Vintage Clothing History Guide - Sizing & Body Shape

Vintage size labels

Over the years the average body shape has gradually changed which means a lot of vintage size labels, if present at all, are not relevant to today’s sizes. Do not be alarmed if you consider yourself a present day size 10, yet struggle to get that size 14 40s pencil skirt you just bought past your hips. Clothing manufacturers have gradually increased their measurements to flatter women into buying their clothes. At revivalvintage we measure our clothes and give them a size closest to ones today.

Buying vintage.

Just like clothes, different body shapes go in and out of fashion. As you try and buy vintage clothes you get an idea of which decades produce the best clothes for you. But at the end of the day if you feel comfortable in it wear what the heck you like, these are only guidelines that might help you choose between things when buying vintage.

Shapes of the Twenties.

The straight up and down androgynous shapes of 1920s can be quite unforgiving to anyone with hips and a bottom. They can look incredible on a very slim boyish figure. If that's not you, you can always go for some classic accessories such as a cloche hat or embroidered shawl.

Flattering with bias cutting.

The bias cutting of the 1930s can be flattering; it was designed to show off women's curves again. However, slinky fabrics like silk and satin highlight lumps and bumps. If you have a pear shaped figure try dresses in heavier fabrics such as linen or velvet. Pretty chiffon tea dresses suit most figures and come in a good range of sizes.

Forties striking suits.

The boxy shapes of 1940s suits look striking on slim women but can make the fuller figure wide all the way down. If you have a curvy figure, try the softer shapes of the 1940s dresses which skim over problem areas. Women who are bottom heavy might want to avoid dresses and suits with peplums which draw attention to the hips. A lot of 1940s pencil skirts hit the widest part of the calf. So again are better suited to a slim pair of legs.

Hour glass figure.

The styles of the 1950s are a curvy girls dream. They were designed to celebrate the hour glass figure. Full skirts skim beautifully over hips and thighs, while a fitted bodice highlights the waist which also suits a pear shape. If you are slim fitted shifts and pedal pushers will look nice.

The boyish Twiggy look.

A return of the twentiesesque waist fewer shapes look best on a boyish Twiggy like figure. A line dresses are particularly flattering but unless you have slim legs you might want to give the minis a miss. Petite women look especially good (don't they always!) in early 1960's coats with their scaled down cut and details. If you have a full figure look out for tunic dresses which look great worn over trousers.

Bell bottoms or kaftan?

Even if you pass on the polyester bell bottoms you should find other 1970s styles to suit you. Slim women look dainty in peasant styles but should avoid too many ruffles and flounces or they can look swamped. Draped jersey dresses flatter a curvy figure. Shirt dresses can be worn over a top and trousers for a slimming look. Beware of the false security of the kaftan it might seem like the perfect answer to cover everything and still have room to put away a five course meal but in the wrong hands it can end up looking like a tent.
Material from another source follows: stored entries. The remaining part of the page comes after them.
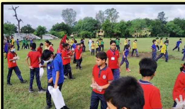
STUDENTS PARTICIPATING IN SWACHTA ABHIYAN
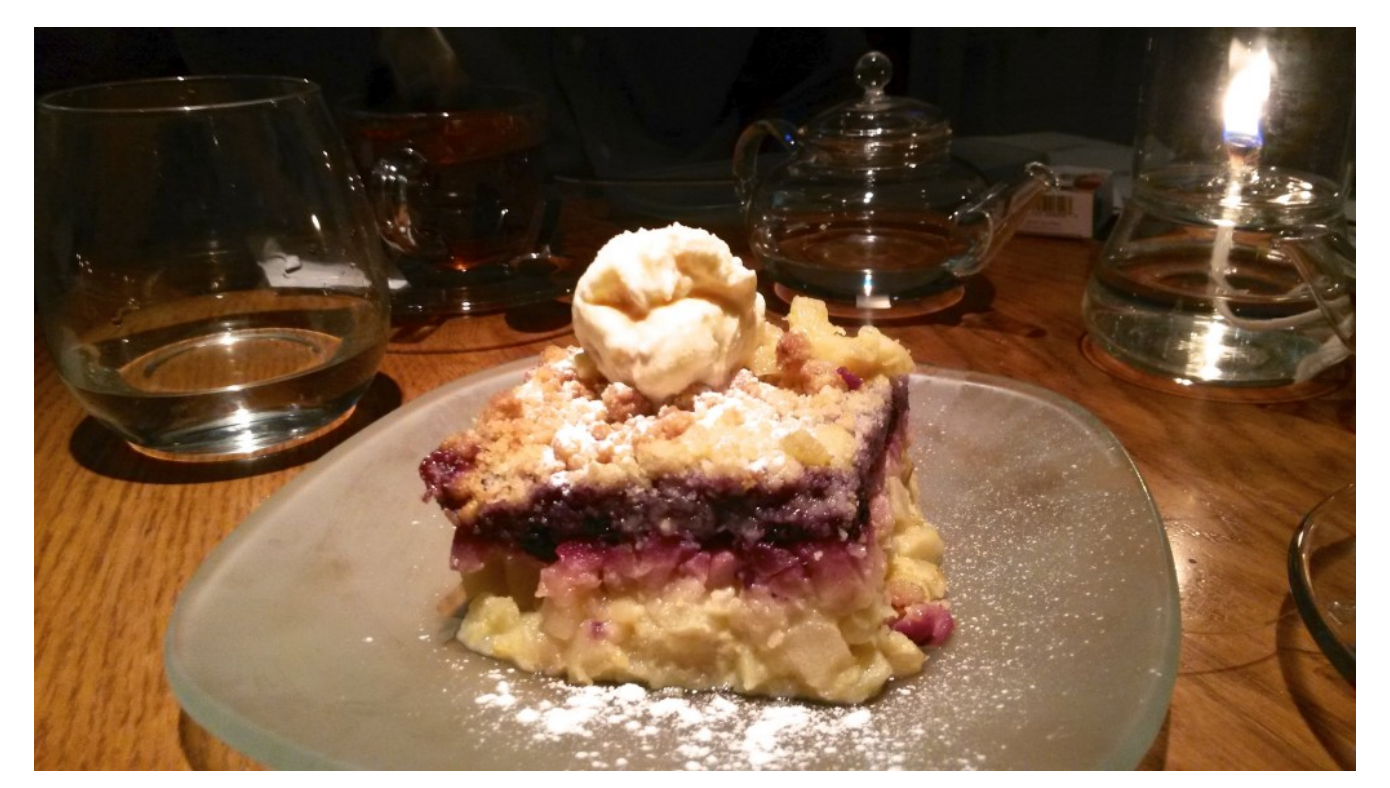
Apple and cranberry crumble topped with vanilla ice cream, to die for

To drink, I usually order tinto de verano (a great spin on sangría) which is a cold mix of red wine and a sweet Spanish seltzer called casera . During the winter, I almost always share a bottle of wine with friends. Last time the waiter recommended the Finca Vieja Reserva from La Mancha for 12E, which was very much worth it.
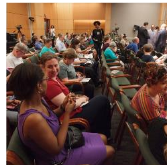
Cultural Programs of the NAS
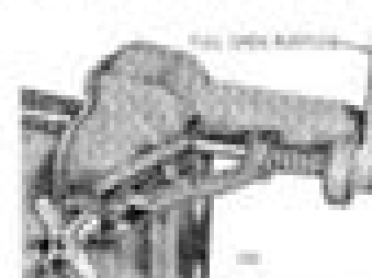
Figure 25-25-7—Removing Governor-to-Throttle Control Rod Linkage

Throttle Control Rod Fast Bracket. Slip throttle control rod line of throttle control rod from bracket. Remove carrier pin carrier key from rear bracket from fly carrier pin line of bracket.
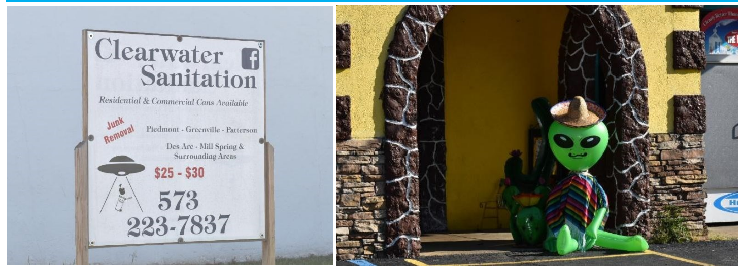
Even a sanitation company is involved in UFOs!

Village disco in my batwing.

I consider this least flattering decade to date. Although you wouldn't know it at the time when I was heading for our village disco in my batwing blouse and high waisted stone washed jeans. Designs generally were much exaggerated and seemed to magnify any figure faults. These garments are best worn as separates mixed with modern styles for a more flattering look.